I'm looking for suggestions on stocking my 60 gallon hex. About 10 years ago I used to keep a variety of cichlids in a 55 gallon long. Thinking about doing it again in the hex, but I'm a bit out of the loop. Here is a list of fish I remember having at some point or another. Most were constants, but a few were added/removed here and there. Pretty much all males due to color. I'd like to maybe get some of these again, but I've found quite a few online that I can't find in the stores near me. Thinking of maybe a dragon blood peacock, blue dragon blood, or other peacocks, and really like the electric blue jack dempsey. Really love bright colors (who doesn't?!), so guess you could say I'm going for more of a "show tank" style.

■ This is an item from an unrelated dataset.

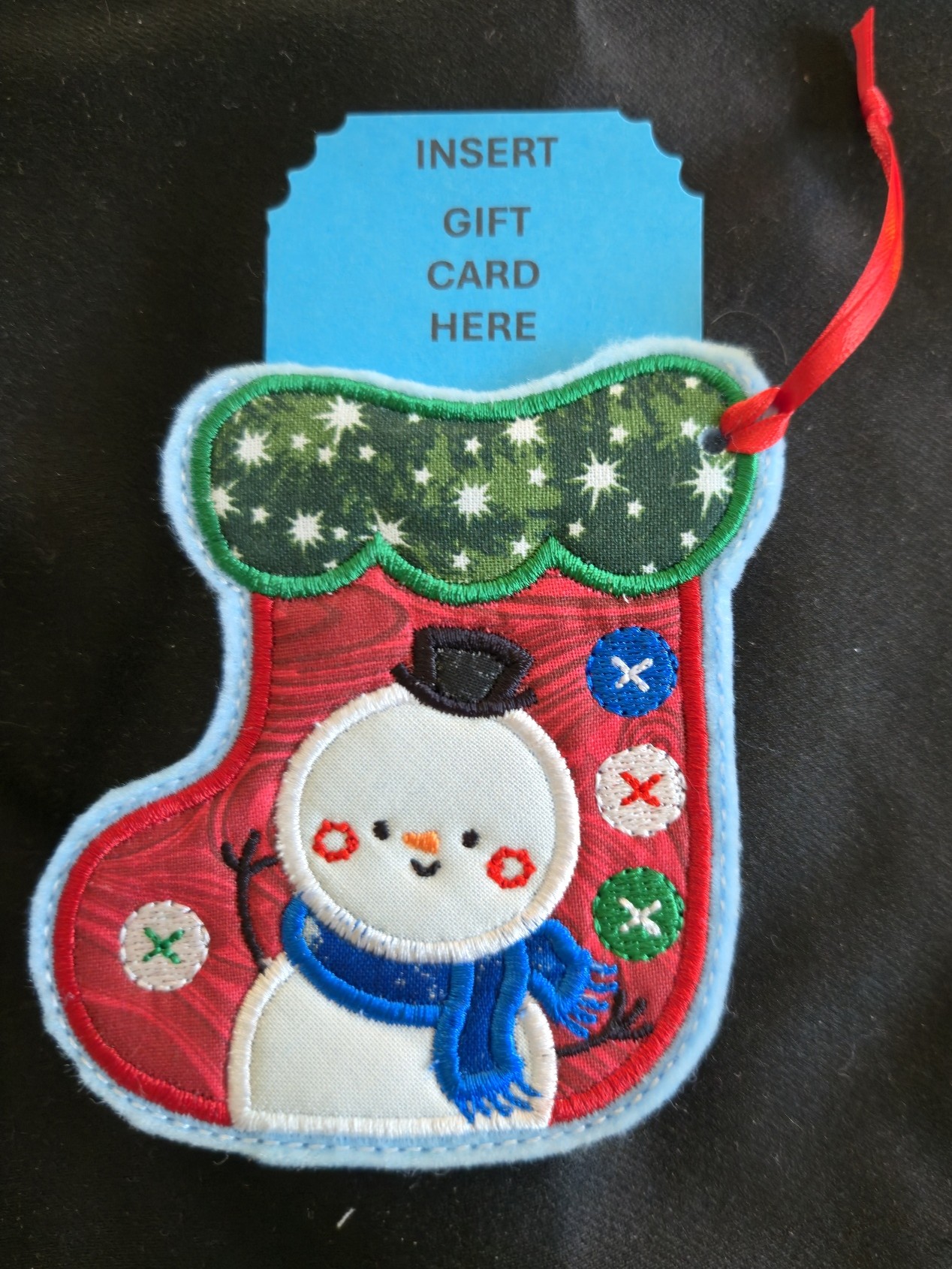 This item combines both fabric, thread, and appliqued to create unique embroidered gift card holders to hang on Christmas trees or in stockings.
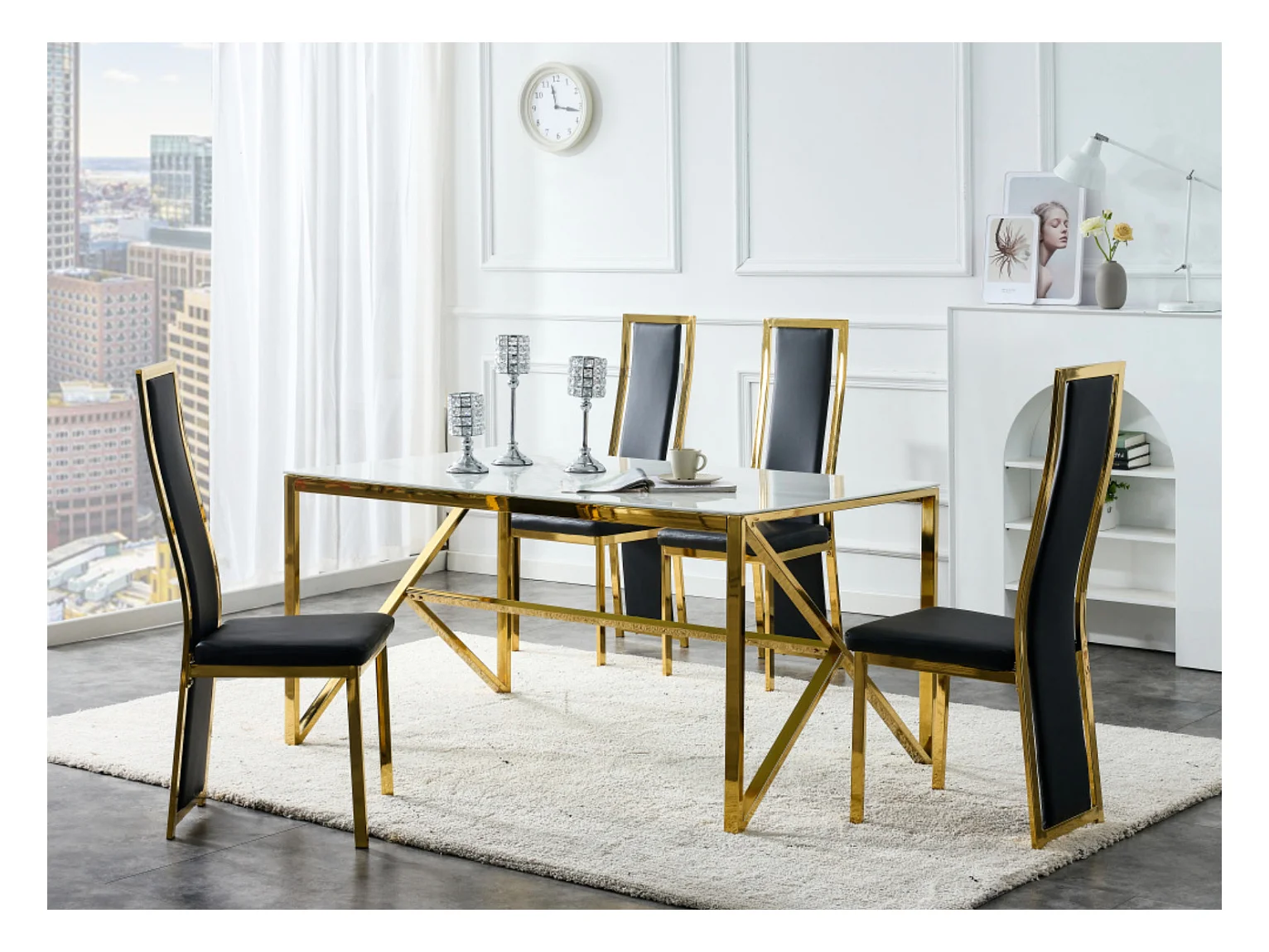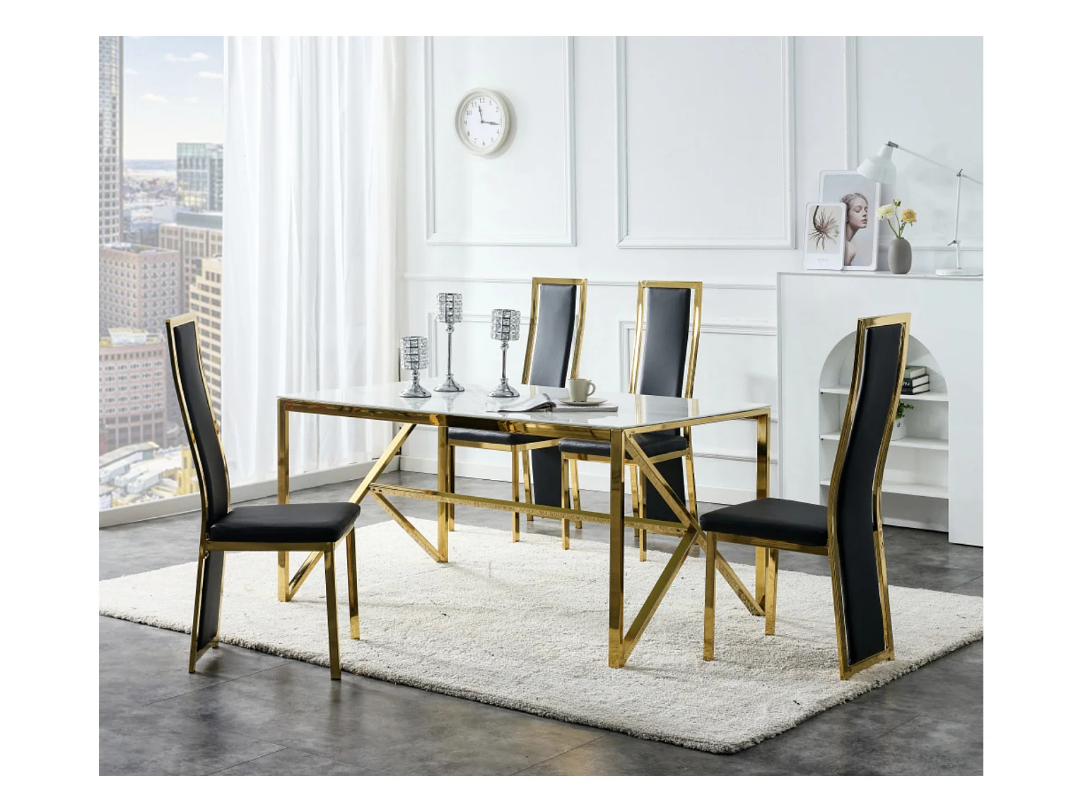 Chaise design simili cuir et acier doré Milana - Lot de 6-Couleur Noir

Only fish in there now are a ~4" siamese algae eater, and three little zebras. Bought the zebras as tester fish a couple weeks ago, because I had bought six german rams, and over the course of a couple weeks they just kept dying off one day at a time. Had the water tested, and all was fine, so they gave me the zebras. They have been in for almost two weeks now, and are doing just fine. Happy little guys!

What I had/remember:
Chipokae
Electric Yellow
Socolofi
Afra Mbuna?
Bumblebee
Red Jewel
Sunshine Peacock
some other peacock bread by a friend that I can't remember.
OB Red Zebra
Ahli Electric Blue
Deep Water Hap 
Fusco Hap (my favorite of the bunch, but not sure how he'd do in a 60 hex)
Xmas Fulu or Zebra Oblique (cant remember)
couple convicts and fire mouths at some point I think as well.

I have a crushed coral base, some random rocks, three anubias live plants, a large sponge filter, a magnum 250(?) filter, and a three light fixture with a 10k & 5500 daylight on one switch, and an actinic blue on the other switch.

Thanks for any feed back you can provide. Just don't want to overrstock and have a mess, but want it to look incredible.


----------



## DJRansome (Oct 29, 2005)

What are the dimensions of the hex? I can't imagine a 60G that would be big enough for a fusco or bumblebee.


----------



## Fish Jerk (Mar 9, 2016)

Even if it is big enough in length the big issues is not enough surface area on the floor for rocks etc.


----------



## goofyboots13 (Apr 13, 2016)

Its 24" from panel to panel, and just over 29" tall. Those were all fish I had kept in my long 55 back in the day. I kinda figured that some of those fish probably wont wont work in the hex due to the tighter swimming area. But, due to wall space availability, and our basement not being finished yet, I had to trade my 55 for this one. Not the most desirable configuration, but it looks really nice. I've had bad luck with community type fish for some reason, so figured I'd try to go back to cichlids.


----------



## DJRansome (Oct 29, 2005)

I would avoid Malawi and Victorians. Take a look at stocking recommendations for a 24" tank (footprint dimensions are more important than gallons):
http://www.cichlid-forum.com/articles/c ... 15-20g.php


----------